The new process already allows on an industrial scale available or easily accessible educts δ- and ε-Lactones economically in one step with high yields to win.

The following examples illustrate the process explained, but not restricted in any way.

example 1

In a gas phase reactor, 100 ml of a Cu catalyst (10% Cu on activated carbon, Supersorbon® ^{a) were} overlaid with 20 ml quartz rings as the evaporator section and then activated with hydrogen below 200 ° C. At 270 ° C and normal pressure, 11 g of a 25% solution of 1,5-pentanedial in water and 50 l / h of hydrogen were metered in from the top of the catalyst over the course of 1 hour. The discharge was condensed in a receiver and the yields were determined by gas chromatography using an internal standard. With a conversion of 98%, a valerolactone yield of 84 mol% was obtained.

^a) An activated carbon carrier of the Supersorbon®K type from Lurgi in the form of 4 mm extrudates, which has a surface area of 1261 m ² / g, determined by the BET method, a pore volume of 0.17 ml / g and a pore diameter of 2.7 nm is impregnated with an ammonia-alkaline copper (II) carbonate solution which has a metal content of 17% by weight of copper (calculated as CuO). The volume of solution absorbed by the carrier corresponds approximately to the pore volume of the carrier used. The support impregnated with ammonia-alkaline copper (II) carbonate solution is then dried at 120 ° C. for 16 h and reduced at 200 ° C. in a stream of hydrogen. The catalyst produced in this way contains 10% by weight of CuO, based on the total weight of the catalyst.

Example 2

In a gas phase reactor, 100 ml of a Cu catalyst (52% CuO, 48% ZrO ₂ ) ^{b) were} overlaid with 20 ml quartz rings as the evaporator section and then activated with hydrogen below 200 ° C. At 230 ° C and normal pressure, 14 g of an 11% solution of 1,6-hexanedial in water and 50 l / h of hydrogen were metered in from above within one hour. The discharge was condensed in a template and the yields were determined by gas chromatography using an internal standard. With quantitative conversion, a caprolactone yield of 43 mol% was obtained.

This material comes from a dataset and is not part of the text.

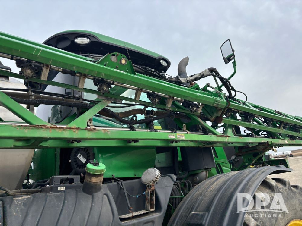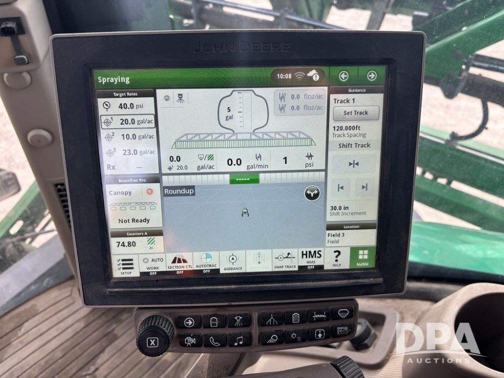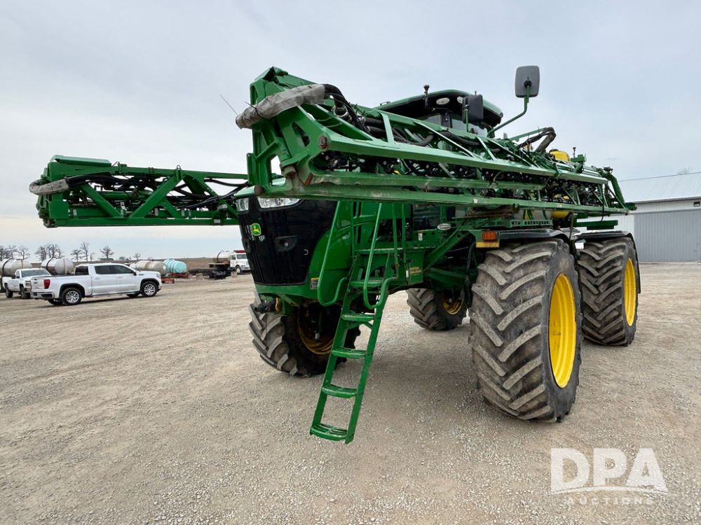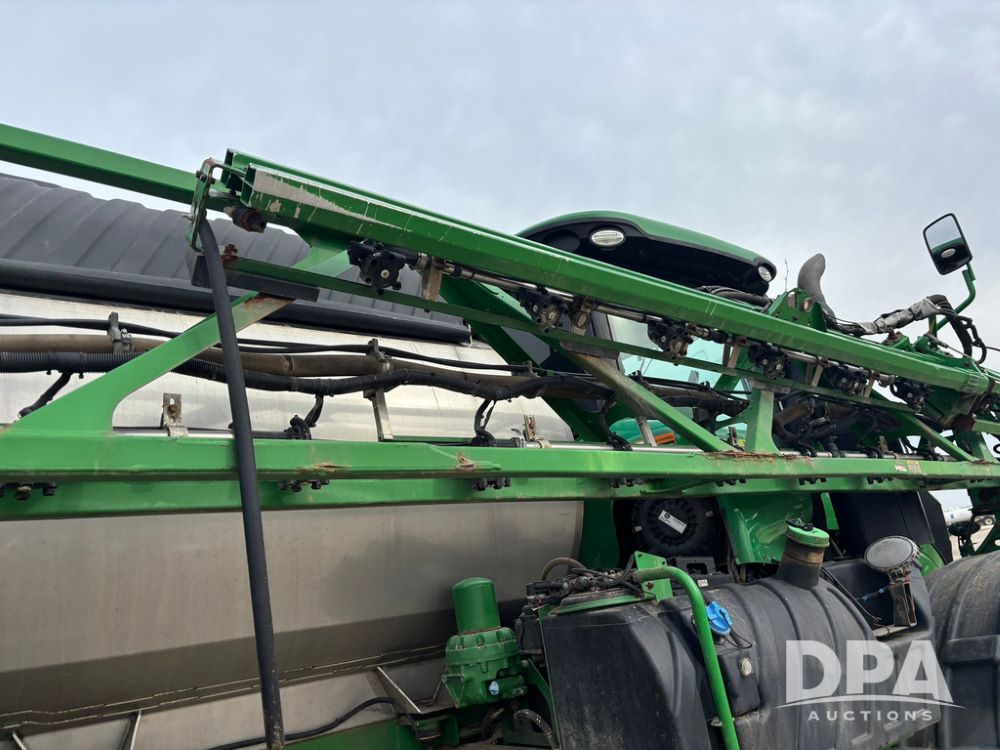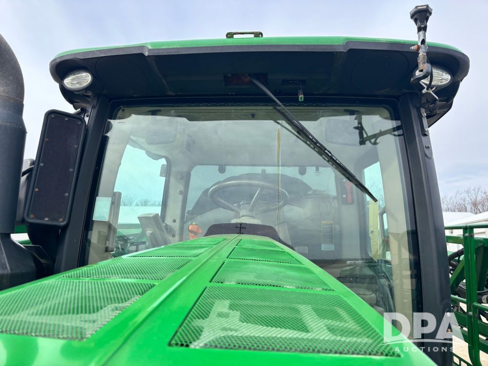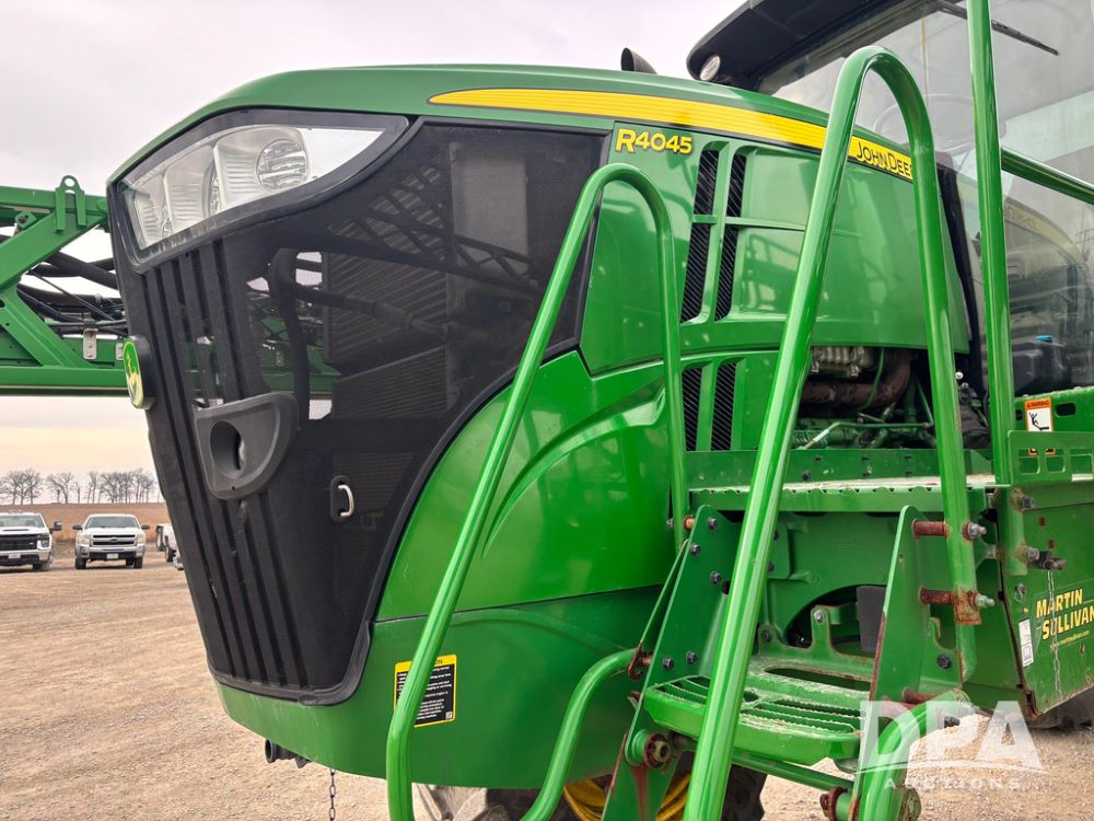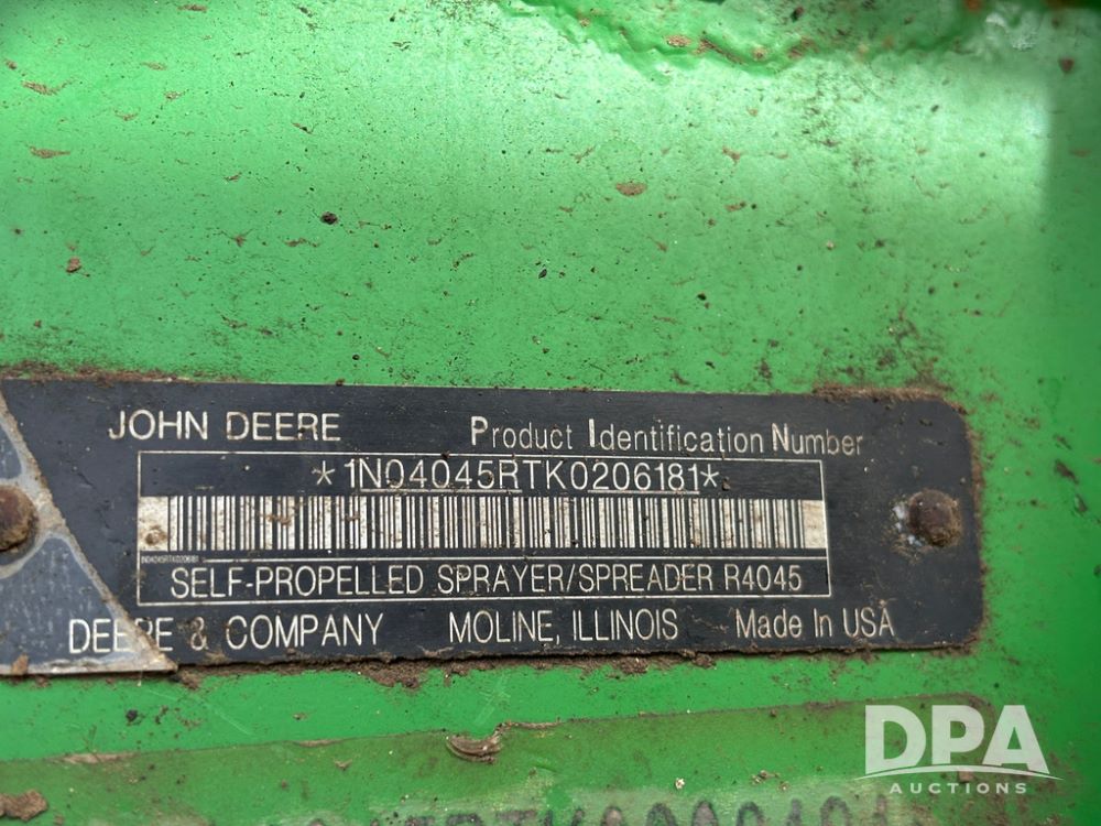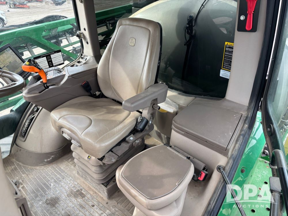 2020 John Deere R4045 Sprayer (GP12780), John Deere diesel engine (S/N RG6090U078479), hydrostatic transmission, air conditioning, heat, Am/Fm radio, leather seat buddy seat, 1200 gallon stainless steel liquid system, 120' boom, top poly rinse tank, 4 - 50 gallon poly direct injection tanks, 2 - Raven Sidekick Pro pumps, automatic solution control, front fill, Mitas SFT IF 710/65R46 flotation tires, fenders, John Deere monitor, shows 4,483 hours.

^b) A suspension of ZrO ₂ powder in water is heated to 65 ° C and at the same time at a flow rate of 7.3 l / min. with an ammonia-alkaline copper (II) carbonate solution (copper content 17% by weight (calculated as CuO); density: 1.442 kg / l) and 20% sodium carbonate solution (density: 1.208 kg / l). After all of the ammonia-alkaline copper (II) car bonat solution has been consumed, soda solution is added until a pH of 7.5 is reached. The resulting precipitate is filtered off, washed and dried at 120 ° C until the loss on ignition up to a temperature of 900 ° C ≦ 10 wt .-%. The powder obtained in this way is shaped into 5 × 3 mm tablets with the addition of graphite as shaping aid and calcined at 570 ° C. The catalyst produced in this way contains 52% by weight of CuO, based on the total weight of the catalyst, and has a liter weight of 1985 g / l, a porosity of 0.12 cm ³ / g and a surface area determined by the BET method, of 14 m ² / g.

Example 3

In a gas phase reactor, 100 ml of La (3%) / ZrO ₂ catalyst ^{c) were} overlaid with 20 ml of quartz rings as the evaporator section and then activated with hydrogen. At 300 ° C and normal pressure, 20 g / h of a 50% solution of 1,5-pentanedial in water and 50 l / h of hydrogen were metered in. The discharge was condensed in a receiver and the yields were determined by gas chromatography using an internal standard. After 8 h reaction time, a valerolactone yield of 81 mol% was obtained with a conversion of 96%.

Example 4

On a Cr (3%) / ZrO ₂ catalyst ^c) , a valerolactone yield of 62 mol% was obtained under the reaction conditions described in Example 3 with a conversion of 97%.

Example 5

In a gas phase reactor, 100 ml of La (3%) / ZrO ₂ catalyst ^c ) were overlaid with 20 ml of quartz rings as the evaporator section and then heated at 300 ° C. for 1 h. At this temperature and normal pressure, 20 g / h of a 50% solution of 1,5-pentane dial in water and 30 l / h of nitrogen were metered in. The discharge was condensed in a template and the yields were determined by gas chromatography using an internal standard. After a reaction time of 4 h, a Valerolac ton yield of 74 mol% was obtained with a conversion of 98%.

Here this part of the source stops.